The task: Your task is to repeat all of the data exactly while excluding the pictures.

The data:
▶

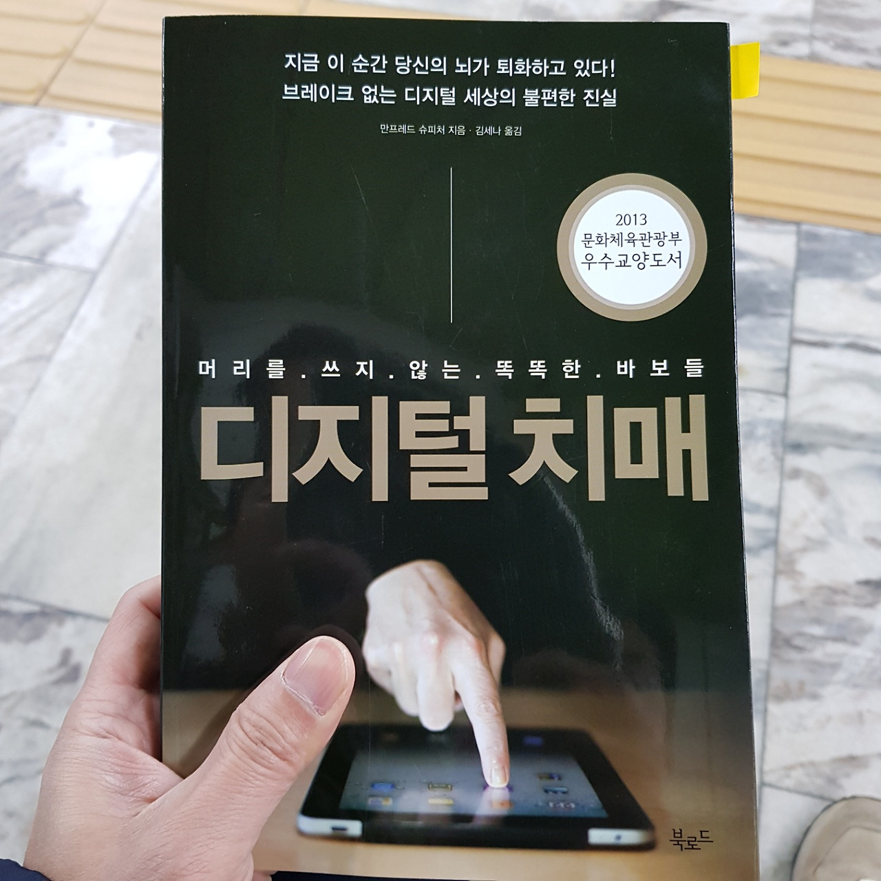 처음 '디지털 치매'라는 책 이름을 보고 오해를 했다. '디지털 치매'의 뜻이 디지털 기기를 잘 다루지 못하는 사람을 가리키는 게 아닌가 하고 생각했던 것이다. 그러나 책을 읽다 보니 전혀 그런 뜻이 아니었다. 제목은 우리 일상생활과 이제 떨어질 수 없어 보이는 수많은 디지털 기기로 인해 인간이 바보가 되어간다는 의미였다.
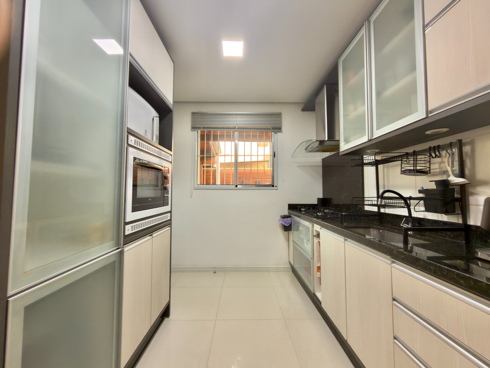 Possui pergolado com cobertura para as vagas de garagem e é entregue bem equipada, conforme as fotos, pronta para morar.
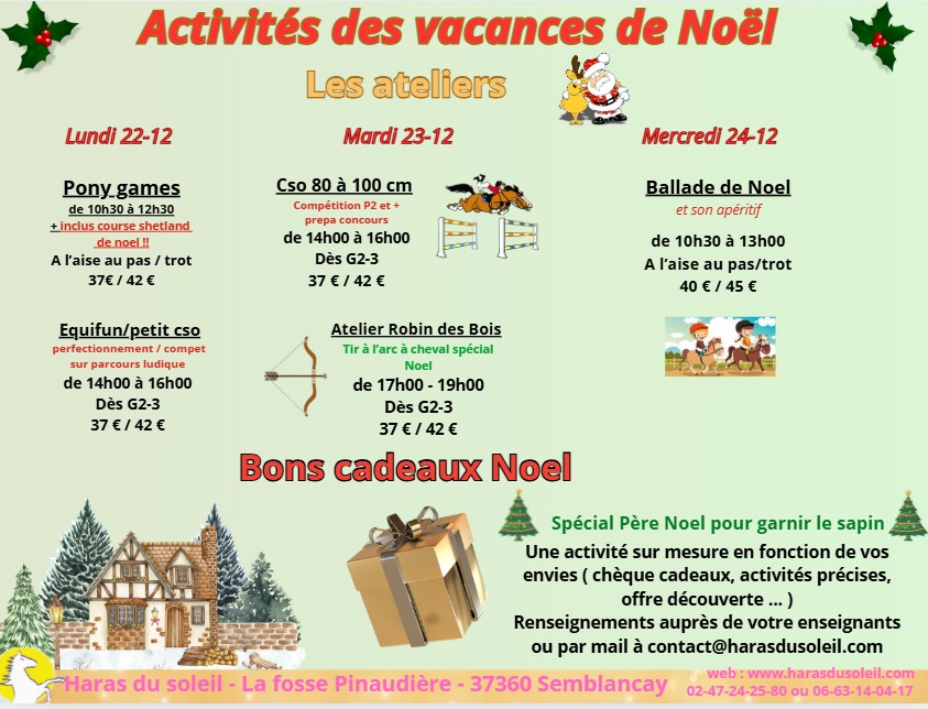 Ils sont programmés durant les vacances scolaires, et parfois sur le dimanche ou un jour férié. Sur une durée d'1h30 à 2h30, vous pourrez vous perfectionner en équitation classique (atelier cso, dressage ou cross) ou découvrir et apprendre d'autres activités (voltige, attelage, ballade,tir à l'arc..) Pour découvrir les thèmes et dates de nos prochains ateliers, ainsi que leur tarif sur les vacances de Noel 2025, cliquez ici, Vous pourrez également trouver les possibilités de cours ou demi pension durant cette période de vacances, cliquez ici pour y accéder |
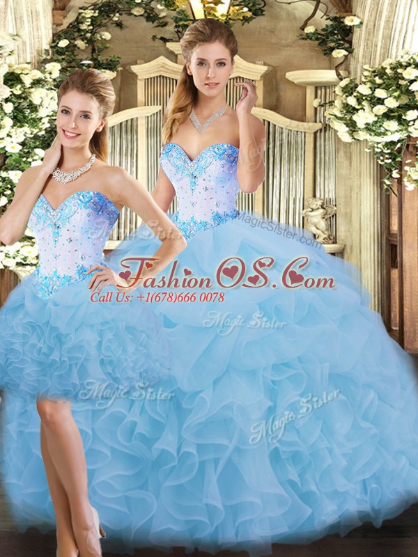 Beading and Ruffles Sweet 16 Dresses Blue Lace Up Sleeveless Floor Length

◀

Response:
 처음 '디지털 치매'라는 책 이름을 보고 오해를 했다. '디지털 치매'의 뜻이 디지털 기기를 잘 다루지 못하는 사람을 가리키는 게 아닌가 하고 생각했던 것이다. 그러나 책을 읽다 보니 전혀 그런 뜻이 아니었다. 제목은 우리 일상생활과 이제 떨어질 수 없어 보이는 수많은 디지털 기기로 인해 인간이 바보가 되어간다는 의미였다.
 Possui pergolado com cobertura para as vagas de garagem e é entregue bem equipada, conforme as fotos, pronta para morar.
 Ils sont programmés durant les vacances scolaires, et parfois sur le dimanche ou un jour férié. Sur une durée d'1h30 à 2h30, vous pourrez vous perfectionner en équitation classique (atelier cso, dressage ou cross) ou découvrir et apprendre d'autres activités (voltige, attelage, ballade,tir à l'arc..) Pour découvrir les thèmes et dates de nos prochains ateliers, ainsi que leur tarif sur les vacances de Noel 2025, cliquez ici, Vous pourrez également trouver les possibilités de cours ou demi pension durant cette période de vacances, cliquez ici pour y accéder |
 Beading and Ruffles Sweet 16 Dresses Blue Lace Up Sleeveless Floor Length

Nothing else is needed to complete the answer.